Module 6

Data integration

Lecture

Lab

scRNA-seq Dataset Integration

library(knitr)
opts_chunk$set(cache = TRUE, out.width='100%', fig.align = 'center')

Introduction

As more and more scRNA-seq datasets become available, carrying merged_seurat comparisons between them is key. There are two main approaches to comparing scRNASeq datasets. The first approach is “label-centric” which is focused on trying to identify equivalent cell-types/states across datasets by comparing individual cells or groups of cells. The other approach is “cross-dataset normalization” which attempts to computationally remove experiment-specific technical/biological effects so that data from multiple experiments can be combined and jointly analyzed.

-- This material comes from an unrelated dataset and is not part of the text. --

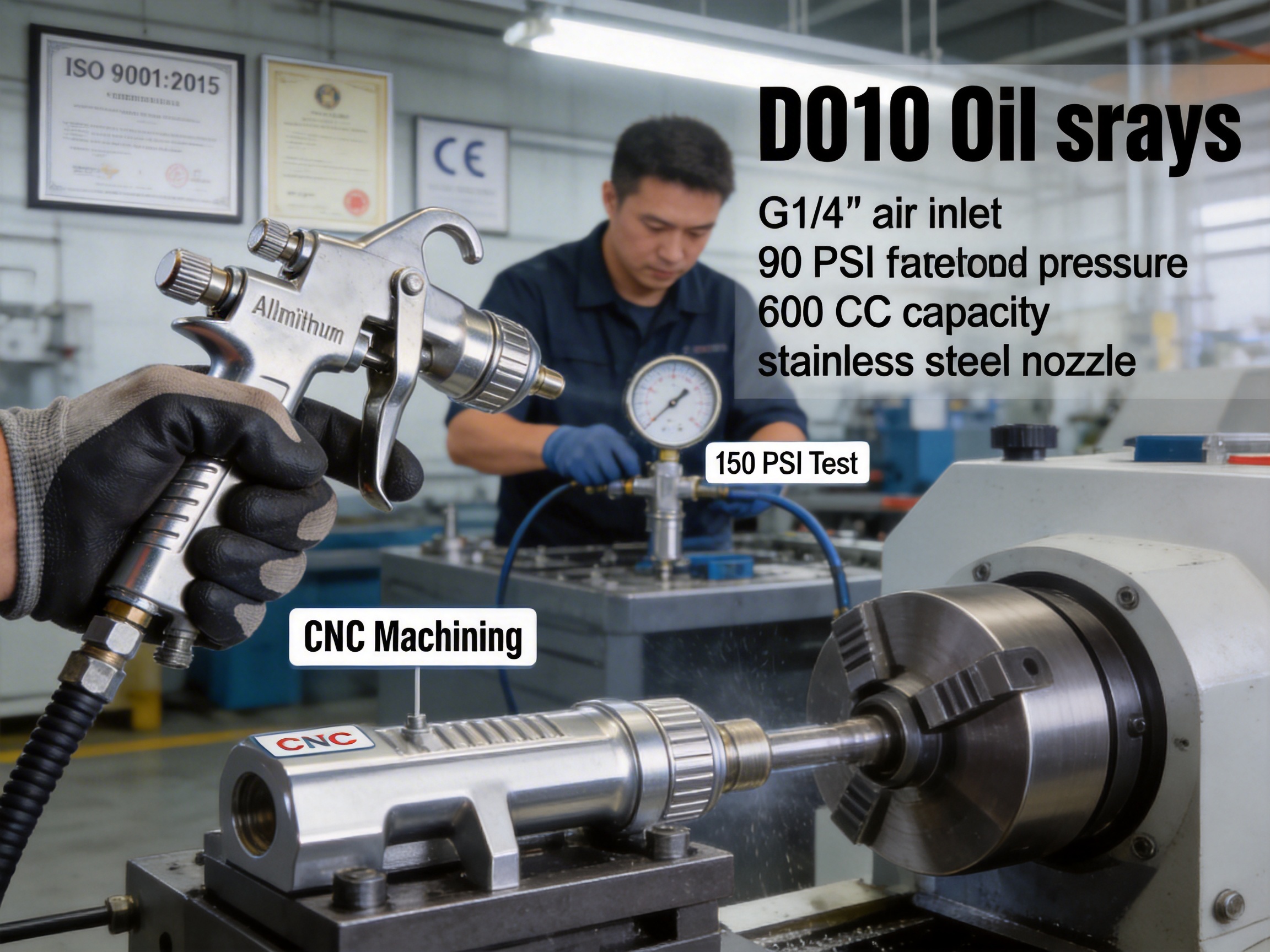 Quality is the cornerstone of the company’s manufacturing process. It follows the ISO 9001:2015 quality management system, which requires strict control over every step of production: - Raw Material Inspection: All materials (aluminum alloy, stainless steel, seals) are tested for purity and durability before being used in production. This ensures that only high-quality materials are used. - In-Process Quality Control: During manufacturing, each component is inspected for precision and fit. For example, CNC (Computer Numerical Control) machines are used to create parts with micron-level accuracy, ensuring that the DO10’s pressure control system works flawlessly. - 100% Functional Testing: Every DO10 spray gun is tested for pressure consistency, spray pattern, and leak resistance. This includes a pressure test at 150 PSI (the maximum safe limit) to ensure that the gun can handle high pressure without failure. - Final Inspection: Before shipping, each unit is visually inspected for defects and packaged according to strict standards.3. Sustainable and Efficient Production

The label-centric approach can be used with dataset with high-confidence cell-annotations, e.g. the Human Cell Atlas (HCA) (Regev2017-mw?) or the Tabula Muris (Quake2017?) once they are completed, to project cells or clusters from a new sample onto this reference to consider tissue composition and/or identify cells with novel/unknown identity. Conceptually, such projections are similar to the popular BLAST method (Altschul1990-ts?), which makes it possible to quickly find the closest match in a database for a newly identified nucleotide or amino acid sequence. The label-centric approach can also be used to compare datasets of similar biological origin collected by different labs to ensure that the annotation and the analysis is consistent.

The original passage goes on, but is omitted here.